Árboles al pie de la cama 

Volvía del trabajo, al anochecer, cansado, casi enfebrecido, cuando se me ocurrió que me gustaría ser un animalillo silvestre, que sabría administrar esa vida simple, limpia de la confusión y el alboroto de las preocupaciones, que podría acomodar con facilidad mi conciencia a ese estado ideal. Como una bendición, alguien, lejos de escamotear mi deseo, me dio la forma de una criatura peluda y diminuta y me soltó en el bosque. Era, como vi después, una vida descorazonadora: no sentía interés por otra cosa que no fuera acarrear alimentos, avariciosa e infatigablemente, hasta mi agujero al pie del tronco de un árbol podrido; los límites de cada territorio desencadenaban continuos litigios entre los habitantes de la fronda; las voces de los pájaros me ensordecían; los parásitos habían invadido mi pelambre; los apareamientos resultaban tan gravosos como los espulgos; y mis ojos revolaban de pánico en sus órbitas cada vez que presentía a los rapaces. Aquel desconsuelo, por fortuna, no duró demasiado. Un día se acercó con sigilo un trozo de oscuridad y, aunque husmeé su hedor a distancia y oí luego las pisadas y los furiosos ladridos, apenas tuve tiempo de entrever sus dientes cerrándose sobre mí. 


El papel 

Encuentro en mi portal un papel que alguien ha roto en varios trozos. Está escrito a mano con letra diminuta: parece la enumeración de algo, una lista o quizá instrucciones, se trata en cualquier caso de una serie ordenada de párrafos. No hay en el mundo otro corrosivo equiparable al de la curiosidad. Intento recomponer los pedazos pero no encajan de ninguna manera. De pronto, aunque es mediodía, cae la noche. Me asomo a la ventana y veo la luna. Tras unos instantes, sale de nuevo el sol de junio pero comienza a nevar.
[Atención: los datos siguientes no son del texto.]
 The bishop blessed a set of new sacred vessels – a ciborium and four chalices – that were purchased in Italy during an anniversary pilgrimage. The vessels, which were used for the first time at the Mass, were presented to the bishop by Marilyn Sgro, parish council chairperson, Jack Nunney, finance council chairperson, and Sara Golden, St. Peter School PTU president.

Regreso ante el papel y, alarmado por la contemplación de tales arbitrariedades, busco atropelladamente otras combinaciones. Ni los bordes ni las líneas se corresponden. Afuera, las aves chillan enloquecidas mientras abandonan el pueblo en bandadas, unos leones rugen al arrimo de la sacristía, todos compiten con el disonante aullido de la tramontana, sobrepujada a su vez por el canto de las arenas que trae el simún de algún desierto. Se suceden los eclipses y las lluvias de sapos. Temblando, sin respiración, muevo una y otra vez los fragmentos, me esfuerzo desesperadamente en unir cada filo serrado, cada arista, cada rebaba del papel, como si con ello pudiera remendar derroteros incomprensibles o, al menos, mi propia confusión. En vano doblo y aliso irregularidades para hacer coincidir los trozos. Un tren recorre las estrechas calles desprovistas de raíles. Las olas de un mar desconocido suben por el valle, por los caminos de herradura, por los huertos en terraza, hasta batir contra las casitas de este pueblo montañés, y las guijas de sus playas ruedan inclementes sobre nuestros tejados de pizarra y nuestros patinillos. Hace años que soy viudo y, sin embargo, reconozco a mi esposa en esa figura que camina hacia mí con una sonrisa de desconcierto.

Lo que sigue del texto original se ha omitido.